Enabling LDAP authentication by using the mqsichangeproperties command

Web user accounts can be authenticated against a Lightweight Directory Access Protocol (LDAP) or Secure LDAP (LDAPS) server. You can authenticate web users by using the REST API, the web user interface, the IBM® App Connect Enterprise Toolkit, or custom integration applications that use the Integration API.

1. Open a command window that is configured for your environment.
2. To set the LDAP server that you want to use for authentication, enter the following command on the command line.

   mqsichangeproperties intNode -b webadmin -o server -n ldapUrl
   -v "ldapURL" 
   

   where intNode is the name of your integration node and ldapURL is the URL for your LDAP.

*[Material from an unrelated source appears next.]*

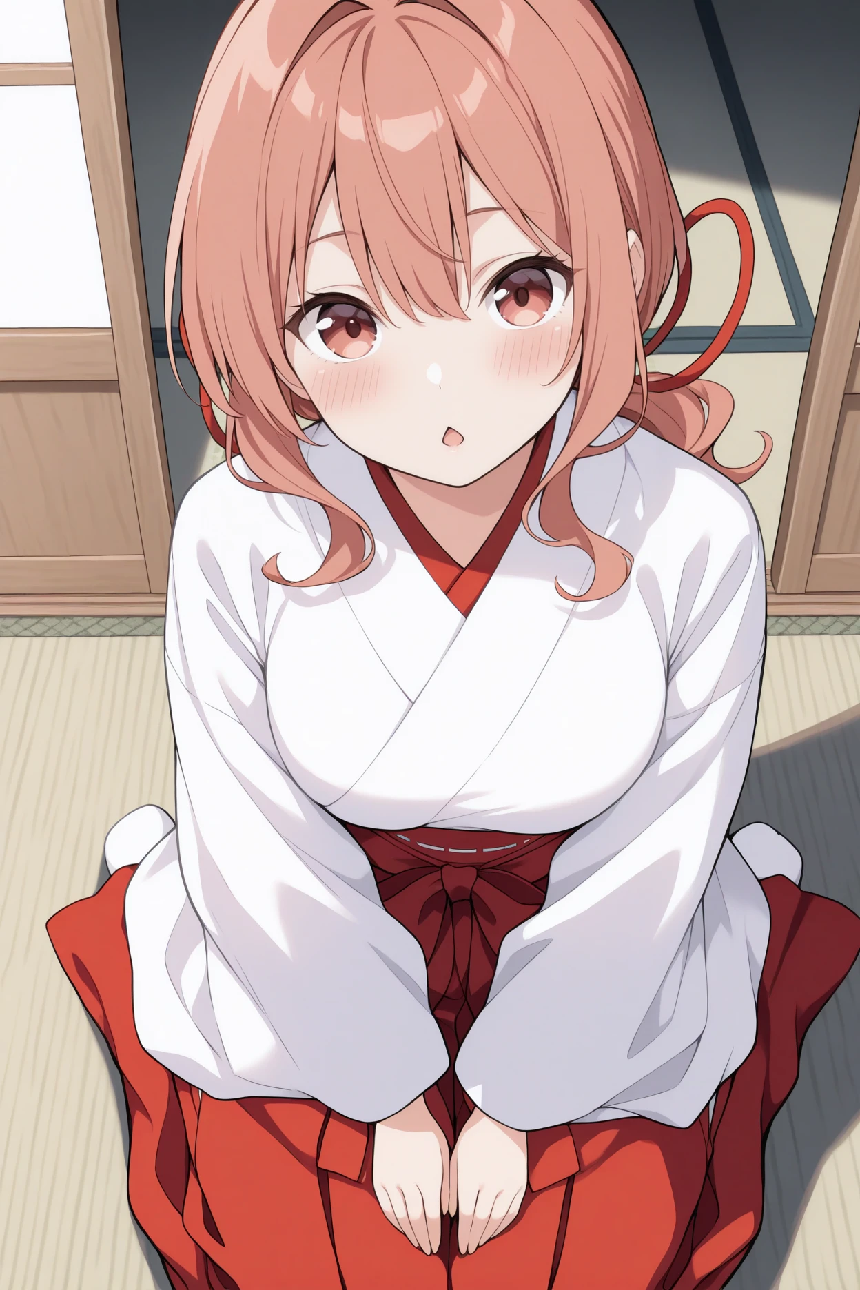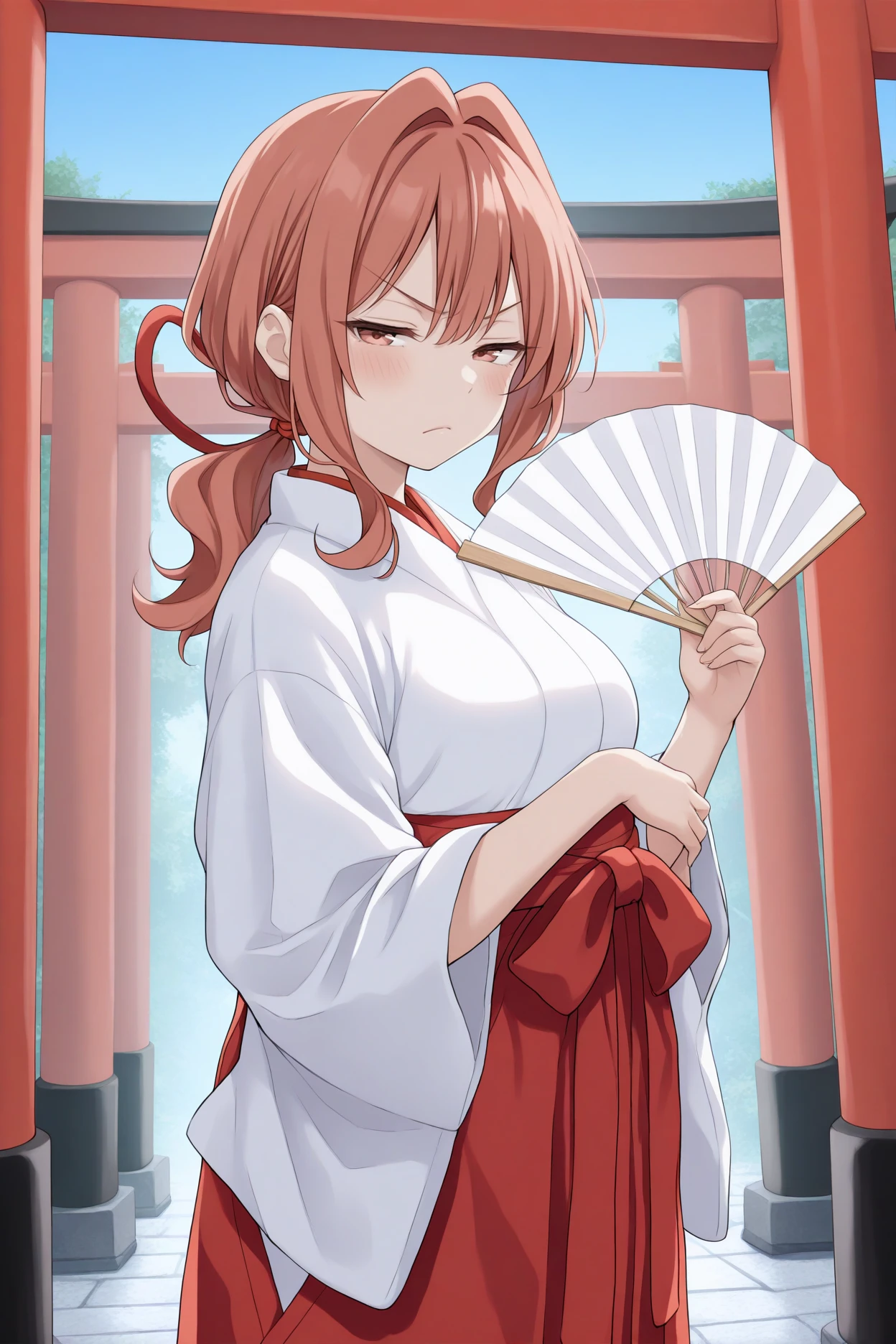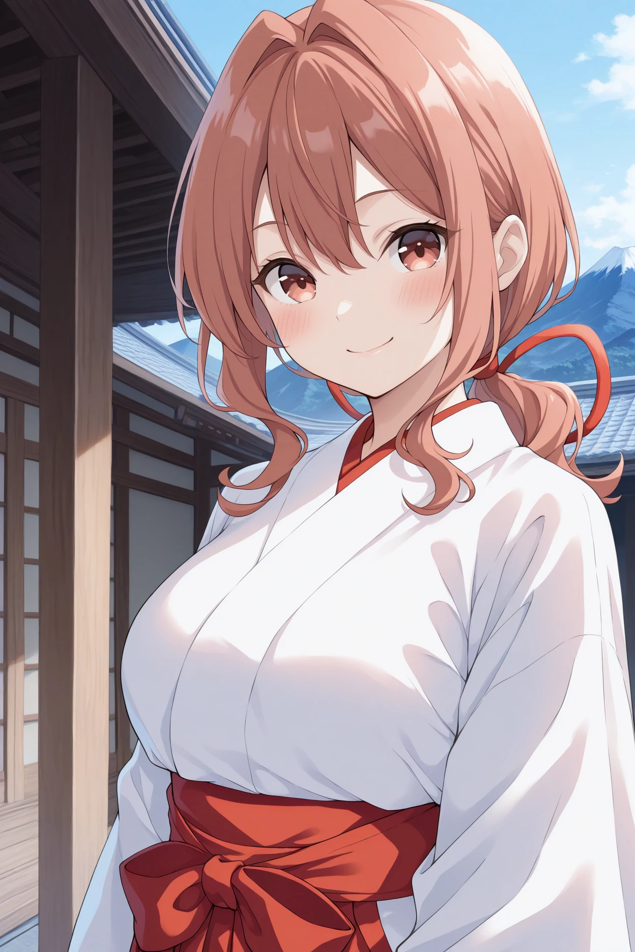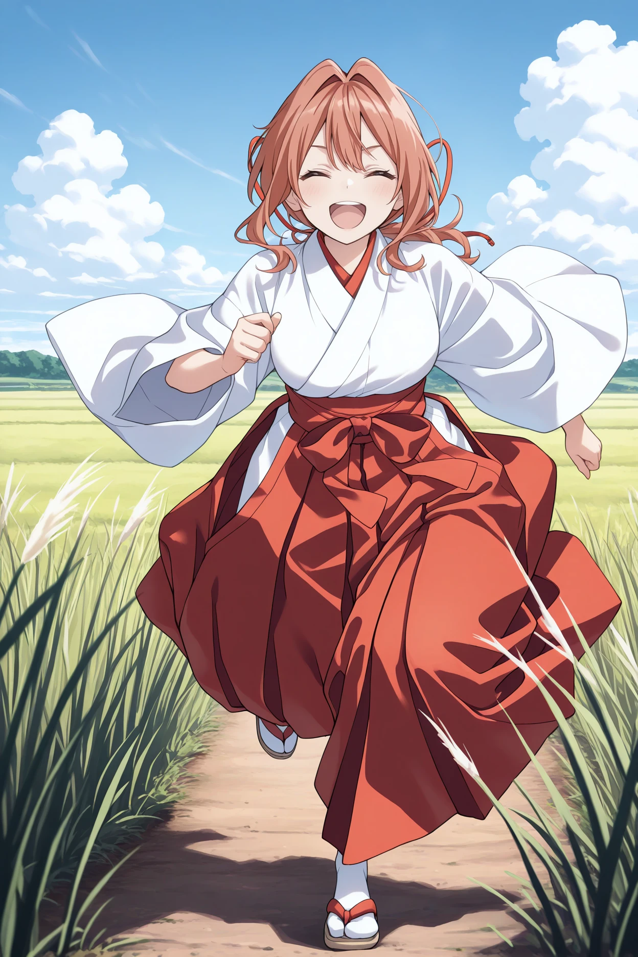 Add "white kimono, red hakama skirt, wide sleeves" for her typical look.

   Enter the ldapURL by using the following syntax:

   ldap[s]://server[:port]/baseDN[?[uid_attr][?[base|sub]]] 

   ldap or ldaps

   (Required) Fixed protocol string. Use ldaps to specify that SSL is used.

   server

   (Required) Name or IP address of the LDAP server.

   port

   (Optional) Port on the LDAP server. If SSL is not enabled, the default port is 389. If SSL is enabled, the default port is 636.

   baseDN

   (Required) String that defines the base distinguished name (DN) of all users in the directory. If users exist in different subtrees, specify a common subtree under which a search on the username uniquely resolves to the required user entry, and set the sub attribute.

   If users who need access to the integration exist in multiple base DNs, you can specify more than one base DN in the ldapURL by enclosing each base DN in parentheses. The following syntax shows how to specify the ldapURL when users exist in three base DNs:

   ldap[s]://server[:port]/|(baseDN1)(baseDN2)(baseDN3)[?[uid_attr][?[base|sub]]]

   uid_attr

   (Optional) String that defines the attribute to which the incoming username maps, typically uid, CN, or email address. The default is uid.

   base or sub

   (Optional) Defines whether to run a base or subtree search. If base is selected, the authentication is faster because the DN of the user is constructed from the uid_att, username, and baseDN values. If sub is selected, a search must be completed before the DN can be resolved. The default is sub.

   For example,

   ldap://ldap.acme.com:389/ou=sales,o=acme.com

   or

   ldaps://localhost:636/ou=sales,o=acme?cn?base

   Put public server certificates in the integration node truststore for use with LDAPS connections; do not put them in the webadmin truststore.

3. Optional: If you want to configure authorization by using LDAP groups, you must set the authorizationMode property to 'ldap', by using the mqsichangeauthmode command, or by setting it in the .yaml configuration file.
   If you set the authorizationMode property to 'file', or 'mq', and you enabled LDAP authentication, you must configure the authorization role for web user account for each user that you want to authorize. To configure the role for each web user, either create new web user account or modify any existing web user accounts as follows:
   • Create a web user account by using the mqsiwebuseradmin command. For example,

     mqsiwebuseradmin intNode -c -u ldapusername -x -r sysrole

     where ldapusername is the username in the LDAP directory, and sysrole is the role to associate with the web user account. For more information about roles, see Role-based security.

     If you add a local password by using the -a parameter, and LDAP authentication is enabled, the local password is ignored. When LDAP authentication is enabled, all web user logins must be authenticated by using LDAP. Any local passwords are ignored.

   • Modify an existing web user account to remove any local password. For example,

     mqsiwebuseradmin intNode -m -u ldapusername -x -r sysrole

     You can modify an existing web user account to be authenticated by using LDAP only if the existing username matches the username in the LDAP directory. If the usernames do not match, you must create a new web user account.